Kisah Sukses Prajogo Pangestu, Dari Sopir Hingga Miliarder Terkaya di Indonesia

Pict by IndoBamkNews

Nama miliarder Prajogo Pangestu mendadak menjadi sorotan di pencarian Google pada Jumat (7/6) karena pergerakan saham perusahaan Barito Pacific Group yang mengalami penurunan signifikan. Barito Pacific Group adalah raksasa dalam sektor energi, listrik, dan pertambangan. Meski sahamnya sedang anjlok, pengusaha asal Sambas, Kalimantan Barat ini tetap dinobatkan sebagai orang terkaya di Indonesia oleh Forbes Real Time Billionaires pada 6 Juni 2024.

Dengan total kekayaan mencapai USD 49,4 miliar atau setara Rp 800 triliun (kurs Rp 16.200/USD), Prajogo menduduki peringkat ke-27 orang terkaya di dunia. Kisah hidup Prajogo yang berasal dari keluarga sederhana dan hanya berpendidikan hingga sekolah menengah pertama, menjadi inspirasi bagi banyak orang.

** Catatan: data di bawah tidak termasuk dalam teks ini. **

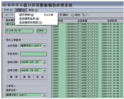 利用BOSS接口異常數(shù)據輔助處理系統(tǒng)執(zhí)行以上應急流程的方式是:在提取號碼后,根據客服協(xié)議開機命令字10007格式要求(HandsetNo~工號~返回格式~nCode~sType~備注),將批量號碼構造成報文列表并導入系統(tǒng)執(zhí)行。主界面如圖5所示。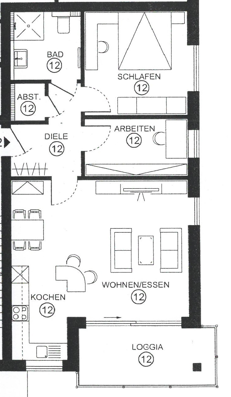 Aufteilung: Offener Wohn-/Essbereich inkl. Einbauküche und Zugang zur Loggia, Schlafzimmer, Arbeitszimmer, Diele, Abstellraum sowie ein Bad mit bodengleicher Dusche. Ein Kellerabteil und ein PKW-Stellplatz runden dieses attraktive Angebot ab
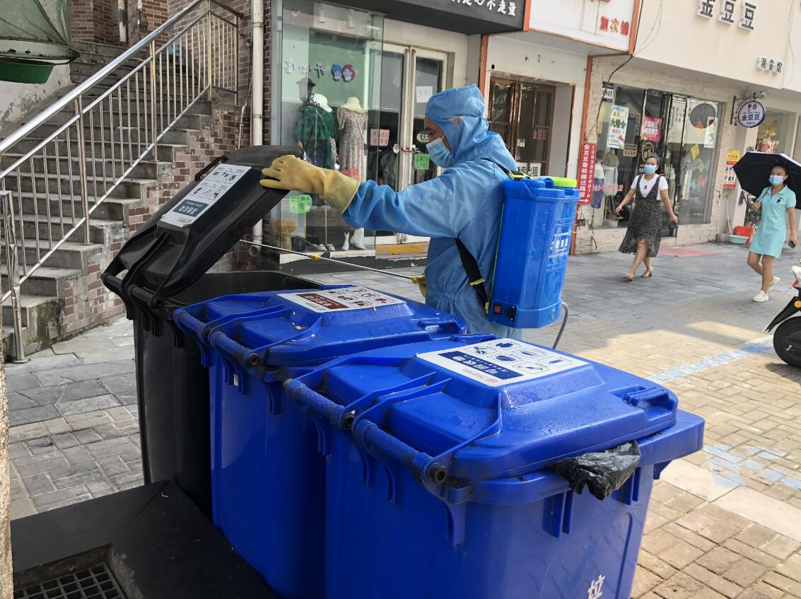 現(xiàn)場(chǎng)一遍遍消殺、消毒,維持秩序的物業(yè)工作人員

Prajogo Pangestu lahir pada 13 Mei 1944 dengan nama Phang Djun Phen. Ayahnya, Phang Siu On, adalah seorang pedagang getah karet. Nama asli Prajogo, Phang Djun Phen, dalam mitologi suku Khek atau orang Cina di Taiwan berarti “burung besar terbang tinggi di awan mendung,” yang seolah menjadi pertanda bagi masa depannya yang cerah.

Prajogo hanya menyelesaikan pendidikannya di SMP Nan Hua, sebuah sekolah Mandarin di Singkawang, Kalimantan Barat. Setelah lulus, ia mencoba peruntungannya di Jakarta namun pekerjaan yang diharapkan tidak kunjung datang. Akhirnya, ia kembali ke kampung halaman dan bekerja sebagai sopir angkutan umum rute Singkawang-Pontianak. Tidak lama kemudian, ia beralih mencoba bisnis kecil-kecilan menjual kebutuhan dapur seperti ikan asin dan bumbu-bumbu.

Pada tahun 1960-an, nasibnya berubah ketika secara tidak sengaja bertemu dengan Burhan Uray, seorang pengusaha kayu asal Malaysia. Pertemuan tersebut membuka jalan bagi Prajogo untuk bergabung dengan PT Djajanti Grup, perusahaan milik Burhan Uray pada tahun 1969. Dengan etos kerja yang tinggi, Prajogo dipercaya menjadi General Manager Pabrik Plywood Nusantara di Gresik, Jawa Timur hanya dalam tujuh tahun.

Namun, setahun kemudian, Prajogo memutuskan untuk mengundurkan diri dan membeli perusahaan kayu yang sedang mengalami krisis keuangan, CV Pacific Lumber Coy. Ia meminjam sejumlah uang dari bank untuk membeli perusahaan tersebut dan mengganti namanya menjadi PT Barito Pacific. Hebatnya, ia berhasil melunasi pinjaman tersebut hanya dalam satu tahun.

Pada 1970-an, PT Barito Pacific resmi berganti nama menjadi Barito Pacific Timber (BRPT) dan mengurangi bisnis kayunya pada tahun 2007. Pada tahun yang sama, BRPT mengakuisisi 70 persen saham perusahaan petrokimia Chandra Asri, yang juga terdaftar di Bursa Efek Indonesia. Kesuksesan Prajogo terus berlanjut dengan pendirian PT Chandra Asri Petrochemical Center dan PT Tri Polyta Indonesia Tbk.

Pada 2011, Chandra Asri bergabung dengan Tri Polyta Indonesia, menjadi produsen petrokimia terintegrasi terbesar di Indonesia. Thaioil mengakuisisi 15 persen saham Chandra Asri pada Juli 2021. Pada 2023, Prajogo berhasil membawa dua perusahaannya, CUAN dan BREN, untuk melantai di Bursa Efek Indonesia.

Dengan perjalanan hidup yang inspiratif, dari seorang sopir hingga menjadi salah satu miliarder terkaya di dunia, Prajogo Pangestu membuktikan bahwa kerja keras dan tekad kuat dapat membawa seseorang mencapai puncak kesuksesan.